*** Opening of Material shown ***
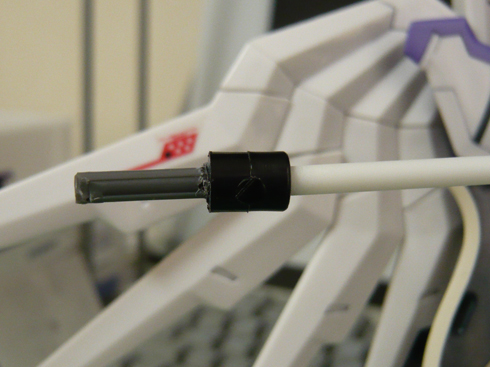 通常形態時に震激槍・改を腰後部にマウントする(上写真の腰側面に装備してるパーツは、本来腰後部で槍をマウントしているパーツ)関係上、槍の柄自体を瞬着で太らせるってのができなかったので、ジョイントをどうするかでかなり四苦八苦したのは秘密。
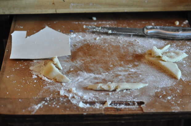 2. Extienda la masa sobre una superficie enharinada para el espesor deseado.
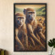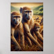 Tre energiska apor leker i en lush grönt fält, deras livliga antik fångades i en vibrerande målning som brast med färg och rörelse.
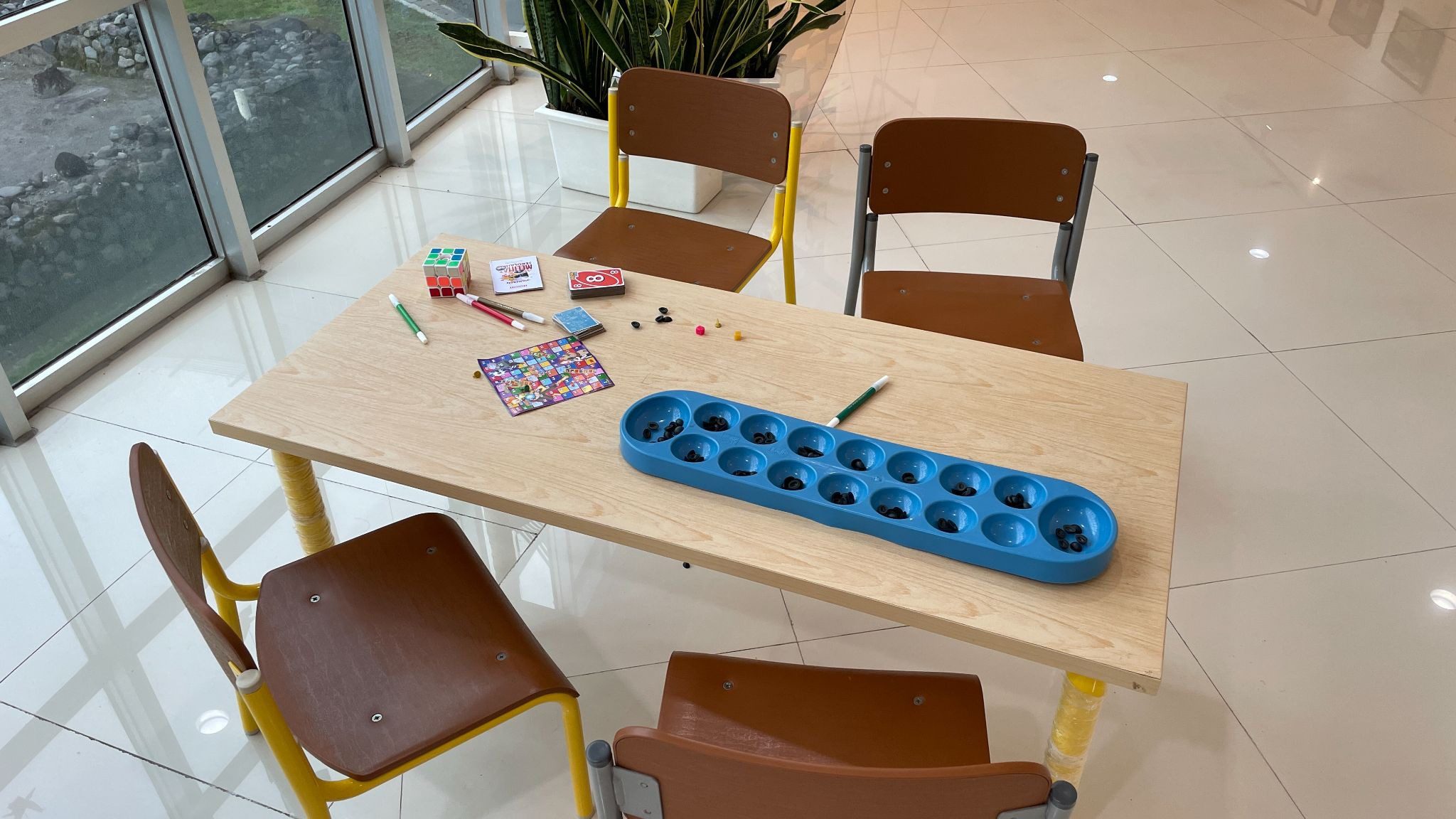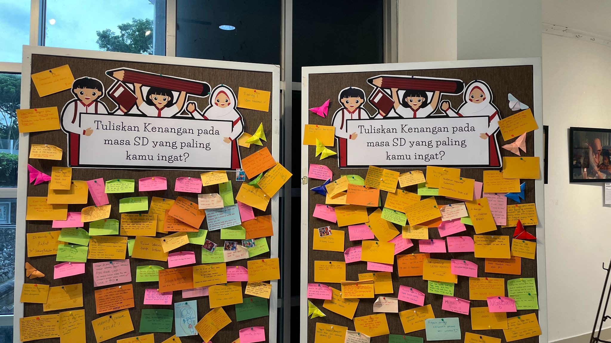 Ketika memasuki lorong eksibisi, saya seolah merasa kembali ke sekolah dasar. Kursi-kursi kecil, tumpukan kertas origami, pemilihan font dengan bentuk besar dan warna mencolok. Mencipta ilusi bahwa saya tidak sedang berada di universitas, tapi sekolah dasar, tempat saya berlari-lari tatkala dikejar oleh om dan tante pembawa jarum suntik untuk imunisasi. Bayangan itu kini tampak lucu, dan seolah hadir di depan mata.
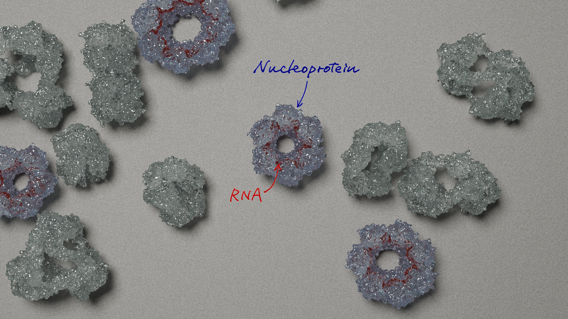 Figure: Conceptual overview of this study. By analyzing many complex states, the research group identified the structure of the nucleoprotein–RNA complex.
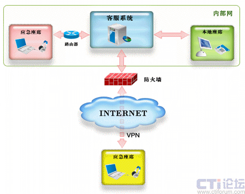 配置應急座席的必要條件之一是網絡環(huán)境,要求應急座席家庭計算機能夠連接到Internet或能夠直接訪問客服系統(tǒng)內部網絡,位于客服網絡防火墻之外需要通過相應的技術連接到系統(tǒng),實現(xiàn)對系統(tǒng)的訪問。
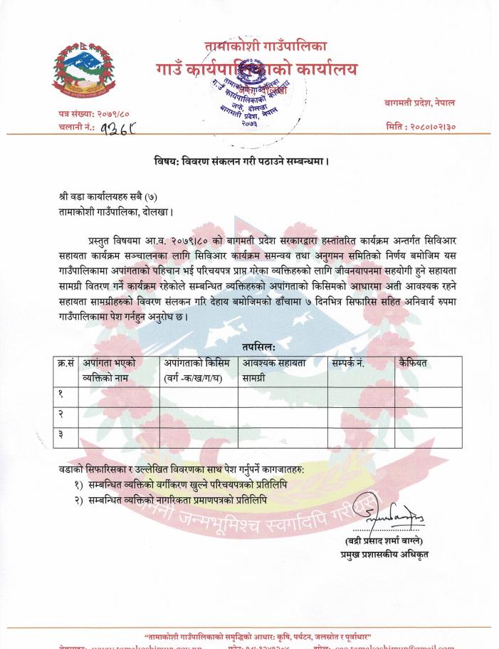 विवरण संकलन गरी पठाउने सम्बन्धमा - सिविआर सहयोग कार्यक्रम सञ्चालन ।
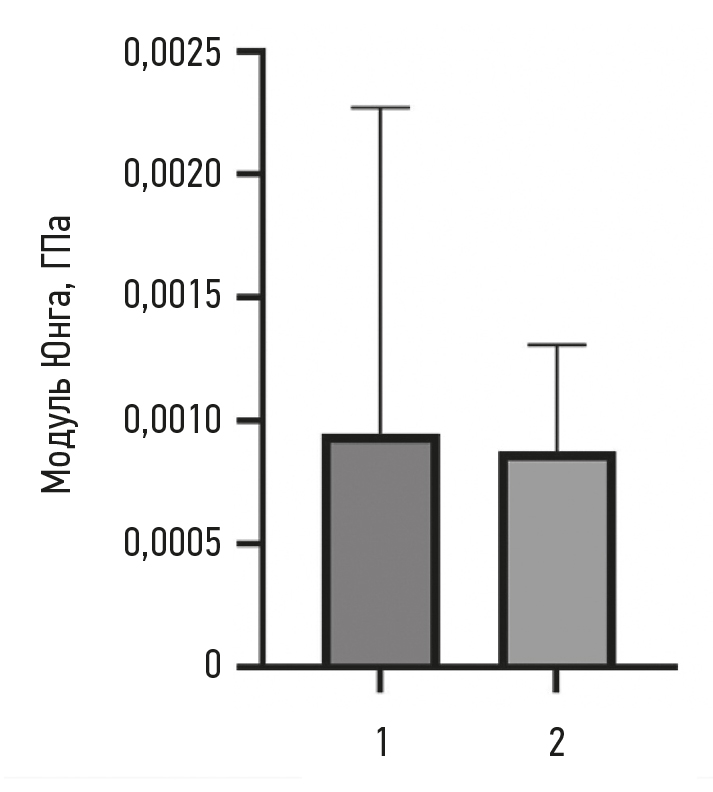 Рис. 7. Графическое отображение результатов наноиндентирования в статическом режиме: 1 — показатели модуля Юнга бульбарной конъюнктивы при нагрузке 0,75 мН; 2 — модуль Юнга коллагеновой мембраны с концентрацией коллагена 30 мг/мл при нагрузке 0,75 мН.
*** Close of Material shown ***
### Your task
With pictures left out, transcribe each line from the one containing "विवरण संकलन गरी" through the end of the data, both ends included.

### Response
 विवरण संकलन गरी पठाउने सम्बन्धमा - सिविआर सहयोग कार्यक्रम सञ्चालन ।
 Рис. 7. Графическое отображение результатов наноиндентирования в статическом режиме: 1 — показатели модуля Юнга бульбарной конъюнктивы при нагрузке 0,75 мН; 2 — модуль Юнга коллагеновой мембраны с концентрацией коллагена 30 мг/мл при нагрузке 0,75 мН.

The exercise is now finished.